--- ABOUT THIS EXERCISE ---
Omit the pictures, then reproduce every remaining record exactly.

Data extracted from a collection

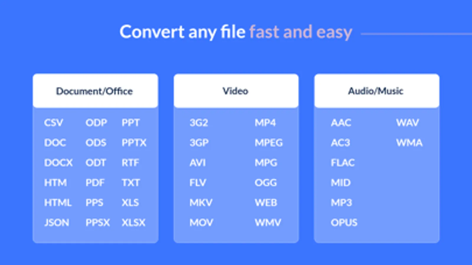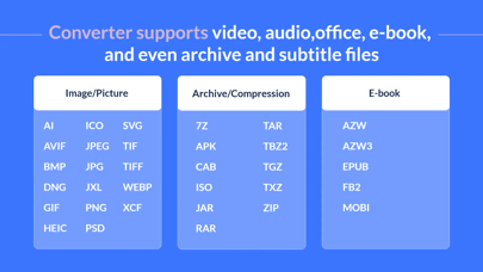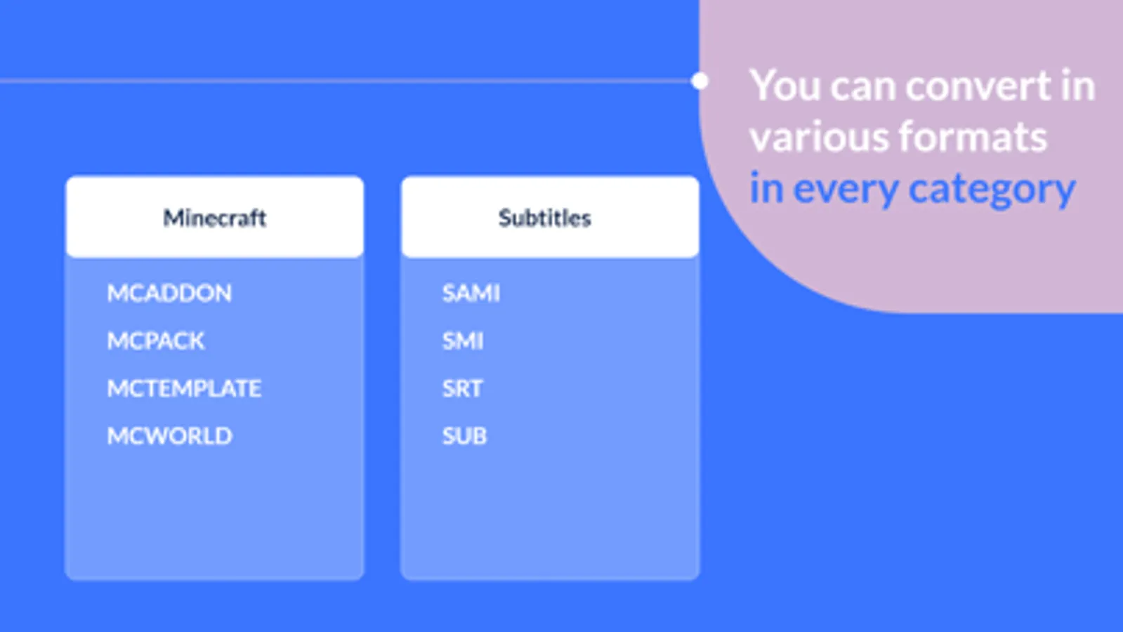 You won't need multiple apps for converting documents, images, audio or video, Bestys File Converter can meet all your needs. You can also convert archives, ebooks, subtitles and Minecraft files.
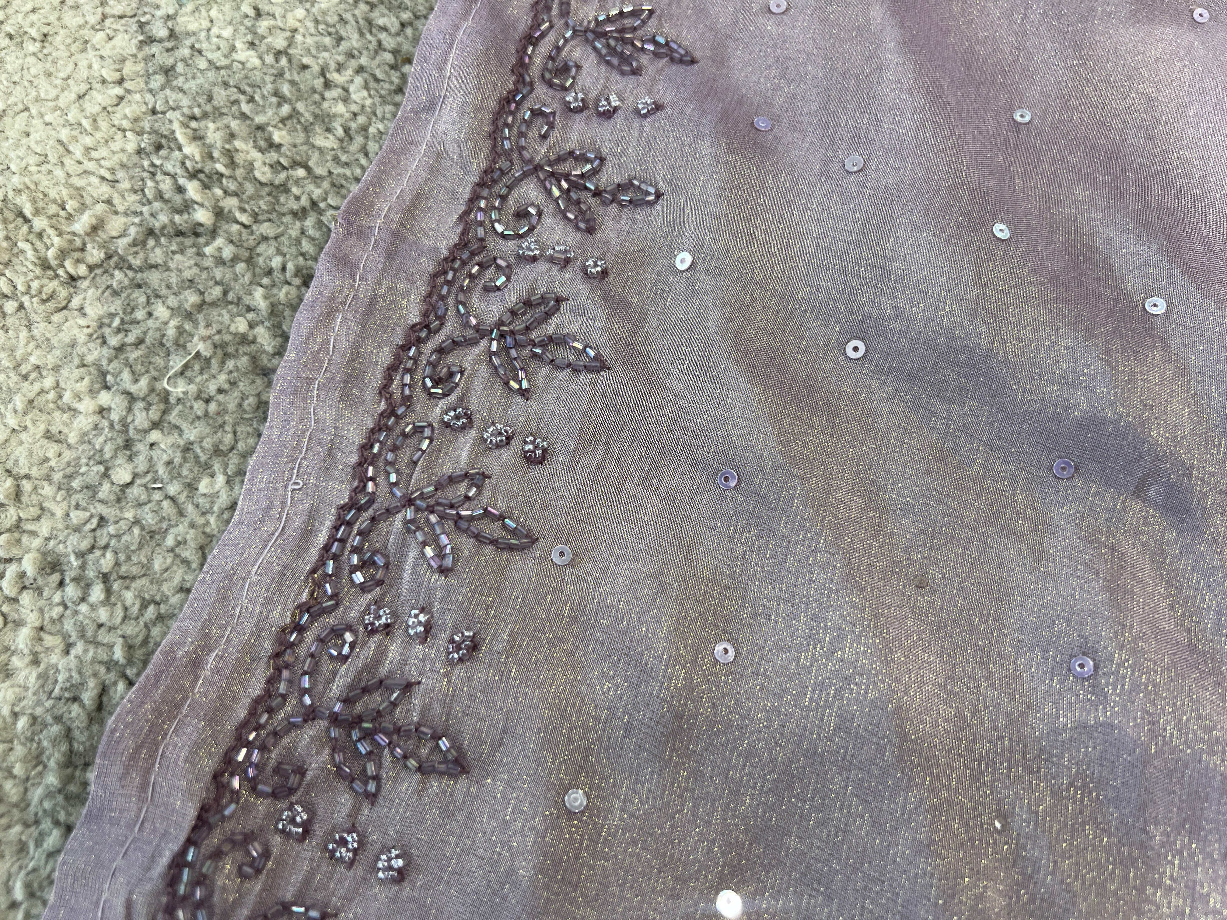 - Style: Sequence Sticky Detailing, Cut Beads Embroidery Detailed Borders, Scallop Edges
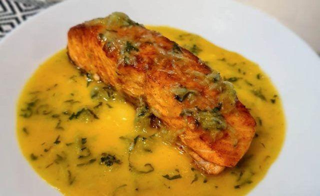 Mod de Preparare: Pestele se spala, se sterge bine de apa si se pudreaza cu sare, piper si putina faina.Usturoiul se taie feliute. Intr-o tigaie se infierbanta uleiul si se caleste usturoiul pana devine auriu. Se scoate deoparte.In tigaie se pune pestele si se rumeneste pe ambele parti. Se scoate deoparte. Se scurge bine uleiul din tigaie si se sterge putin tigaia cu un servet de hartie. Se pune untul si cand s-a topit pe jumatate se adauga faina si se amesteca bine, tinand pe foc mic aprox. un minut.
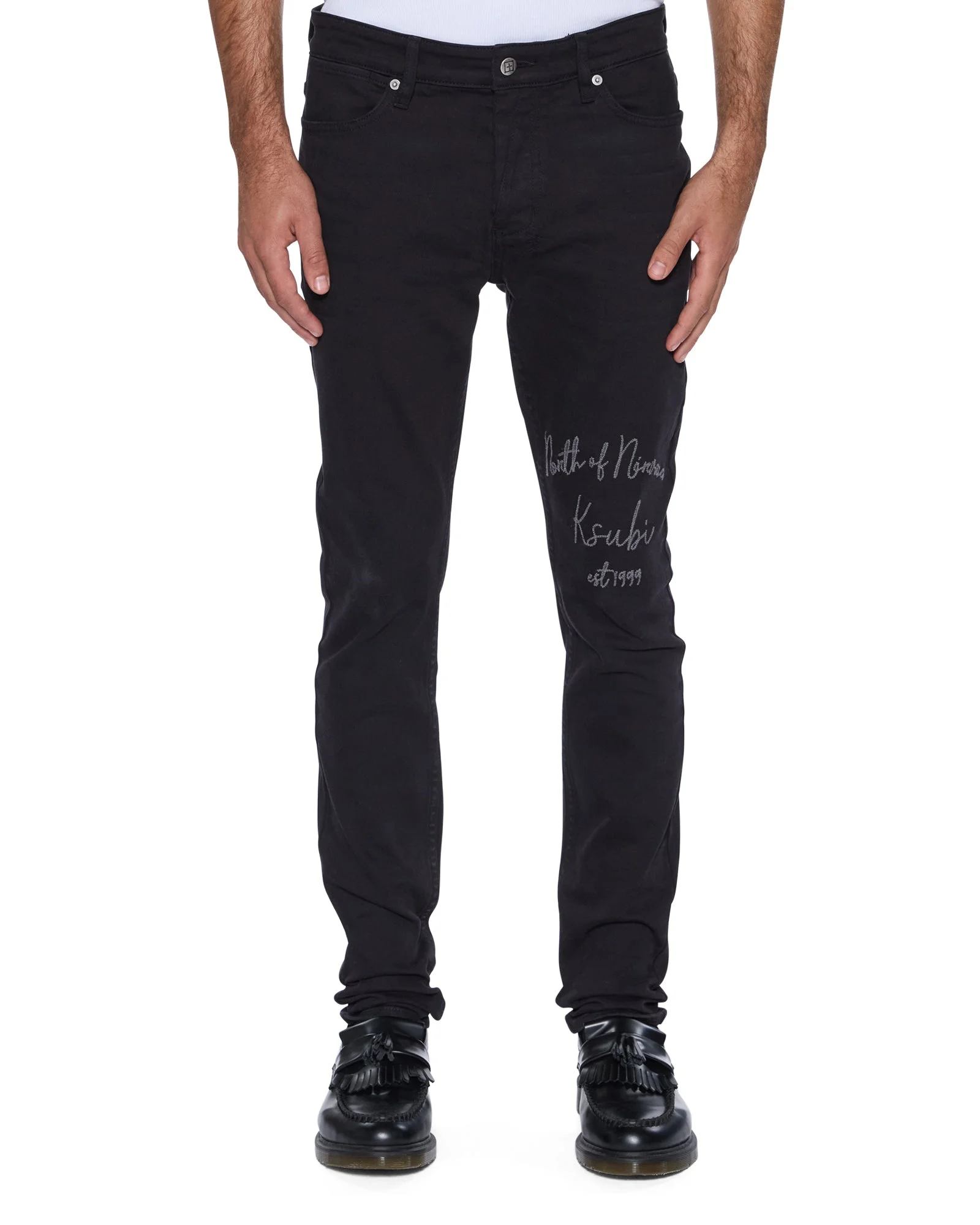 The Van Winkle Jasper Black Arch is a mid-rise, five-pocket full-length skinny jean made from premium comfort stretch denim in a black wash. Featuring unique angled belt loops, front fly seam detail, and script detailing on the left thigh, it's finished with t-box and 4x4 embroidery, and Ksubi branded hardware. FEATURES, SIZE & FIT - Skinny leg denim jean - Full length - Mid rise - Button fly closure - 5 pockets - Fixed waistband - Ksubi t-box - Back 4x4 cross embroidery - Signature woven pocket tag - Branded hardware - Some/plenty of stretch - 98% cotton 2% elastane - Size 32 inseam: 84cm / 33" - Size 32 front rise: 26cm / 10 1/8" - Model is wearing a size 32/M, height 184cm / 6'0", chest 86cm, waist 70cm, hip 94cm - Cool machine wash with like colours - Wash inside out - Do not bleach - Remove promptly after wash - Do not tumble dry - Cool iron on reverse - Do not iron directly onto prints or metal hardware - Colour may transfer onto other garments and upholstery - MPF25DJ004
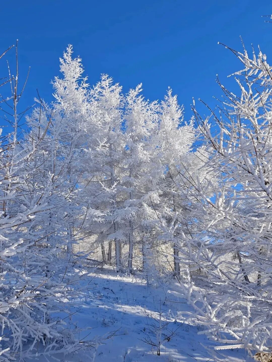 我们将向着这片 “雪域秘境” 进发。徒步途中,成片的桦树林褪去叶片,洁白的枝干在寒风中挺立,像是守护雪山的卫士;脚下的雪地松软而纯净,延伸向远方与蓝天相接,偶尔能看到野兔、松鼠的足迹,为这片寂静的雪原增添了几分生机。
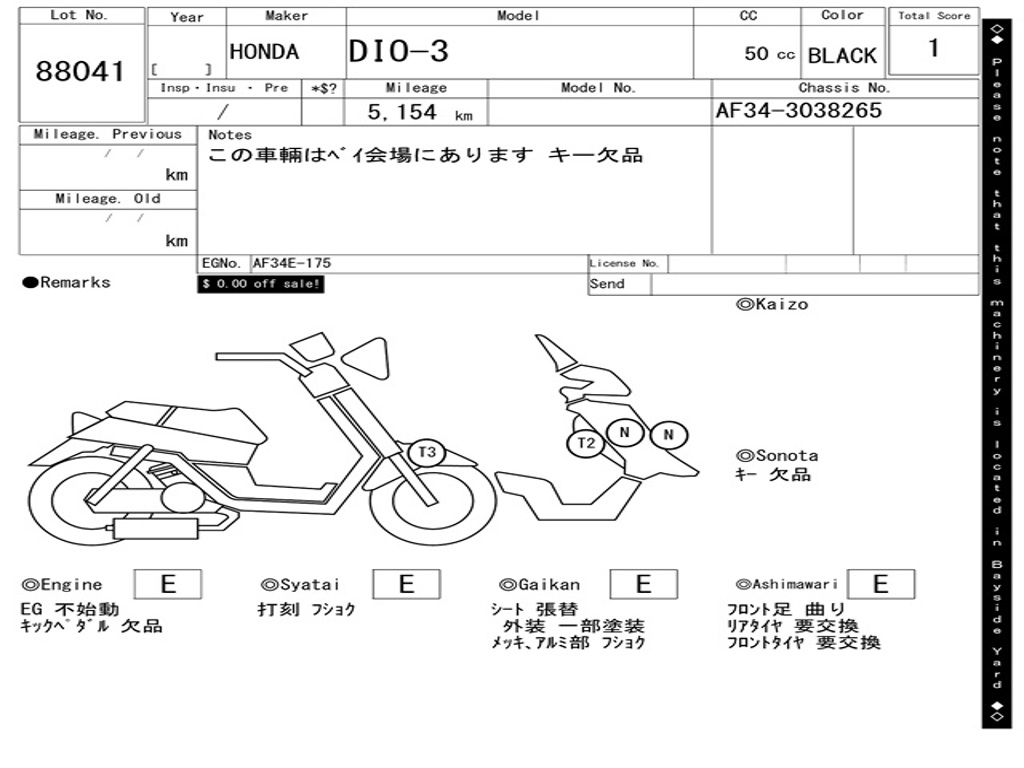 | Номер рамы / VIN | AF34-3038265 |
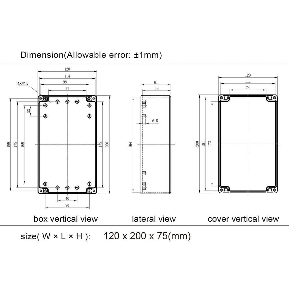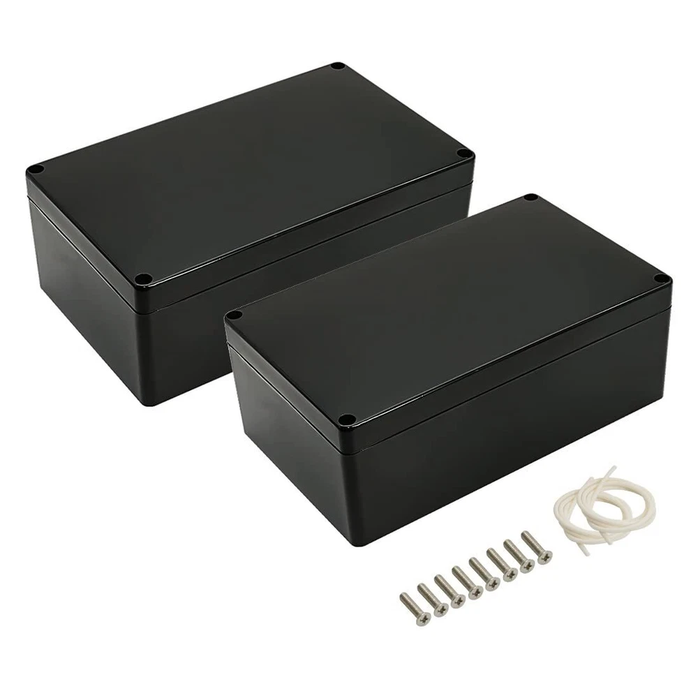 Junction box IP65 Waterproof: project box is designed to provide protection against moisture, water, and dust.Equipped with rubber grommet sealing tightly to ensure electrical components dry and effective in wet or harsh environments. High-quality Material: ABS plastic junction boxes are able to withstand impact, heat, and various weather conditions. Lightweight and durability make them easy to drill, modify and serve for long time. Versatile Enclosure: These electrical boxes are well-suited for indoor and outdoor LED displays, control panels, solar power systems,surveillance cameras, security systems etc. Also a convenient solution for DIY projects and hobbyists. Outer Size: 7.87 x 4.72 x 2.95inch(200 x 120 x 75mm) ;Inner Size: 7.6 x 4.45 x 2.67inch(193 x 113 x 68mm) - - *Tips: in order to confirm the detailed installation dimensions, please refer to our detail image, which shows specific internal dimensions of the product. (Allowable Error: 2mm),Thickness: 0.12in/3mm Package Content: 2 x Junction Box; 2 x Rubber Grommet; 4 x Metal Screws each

--- FINAL ANSWER ---
 You won't need multiple apps for converting documents, images, audio or video, Bestys File Converter can meet all your needs. You can also convert archives, ebooks, subtitles and Minecraft files.
 - Style: Sequence Sticky Detailing, Cut Beads Embroidery Detailed Borders, Scallop Edges
 Mod de Preparare: Pestele se spala, se sterge bine de apa si se pudreaza cu sare, piper si putina faina.Usturoiul se taie feliute. Intr-o tigaie se infierbanta uleiul si se caleste usturoiul pana devine auriu. Se scoate deoparte.In tigaie se pune pestele si se rumeneste pe ambele parti. Se scoate deoparte. Se scurge bine uleiul din tigaie si se sterge putin tigaia cu un servet de hartie. Se pune untul si cand s-a topit pe jumatate se adauga faina si se amesteca bine, tinand pe foc mic aprox. un minut.
 The Van Winkle Jasper Black Arch is a mid-rise, five-pocket full-length skinny jean made from premium comfort stretch denim in a black wash. Featuring unique angled belt loops, front fly seam detail, and script detailing on the left thigh, it's finished with t-box and 4x4 embroidery, and Ksubi branded hardware. FEATURES, SIZE & FIT - Skinny leg denim jean - Full length - Mid rise - Button fly closure - 5 pockets - Fixed waistband - Ksubi t-box - Back 4x4 cross embroidery - Signature woven pocket tag - Branded hardware - Some/plenty of stretch - 98% cotton 2% elastane - Size 32 inseam: 84cm / 33" - Size 32 front rise: 26cm / 10 1/8" - Model is wearing a size 32/M, height 184cm / 6'0", chest 86cm, waist 70cm, hip 94cm - Cool machine wash with like colours - Wash inside out - Do not bleach - Remove promptly after wash - Do not tumble dry - Cool iron on reverse - Do not iron directly onto prints or metal hardware - Colour may transfer onto other garments and upholstery - MPF25DJ004
 我们将向着这片 “雪域秘境” 进发。徒步途中,成片的桦树林褪去叶片,洁白的枝干在寒风中挺立,像是守护雪山的卫士;脚下的雪地松软而纯净,延伸向远方与蓝天相接,偶尔能看到野兔、松鼠的足迹,为这片寂静的雪原增添了几分生机。
 | Номер рамы / VIN | AF34-3038265 |
 Junction box IP65 Waterproof: project box is designed to provide protection against moisture, water, and dust.Equipped with rubber grommet sealing tightly to ensure electrical components dry and effective in wet or harsh environments. High-quality Material: ABS plastic junction boxes are able to withstand impact, heat, and various weather conditions. Lightweight and durability make them easy to drill, modify and serve for long time. Versatile Enclosure: These electrical boxes are well-suited for indoor and outdoor LED displays, control panels, solar power systems,surveillance cameras, security systems etc. Also a convenient solution for DIY projects and hobbyists. Outer Size: 7.87 x 4.72 x 2.95inch(200 x 120 x 75mm) ;Inner Size: 7.6 x 4.45 x 2.67inch(193 x 113 x 68mm) - - *Tips: in order to confirm the detailed installation dimensions, please refer to our detail image, which shows specific internal dimensions of the product. (Allowable Error: 2mm),Thickness: 0.12in/3mm Package Content: 2 x Junction Box; 2 x Rubber Grommet; 4 x Metal Screws each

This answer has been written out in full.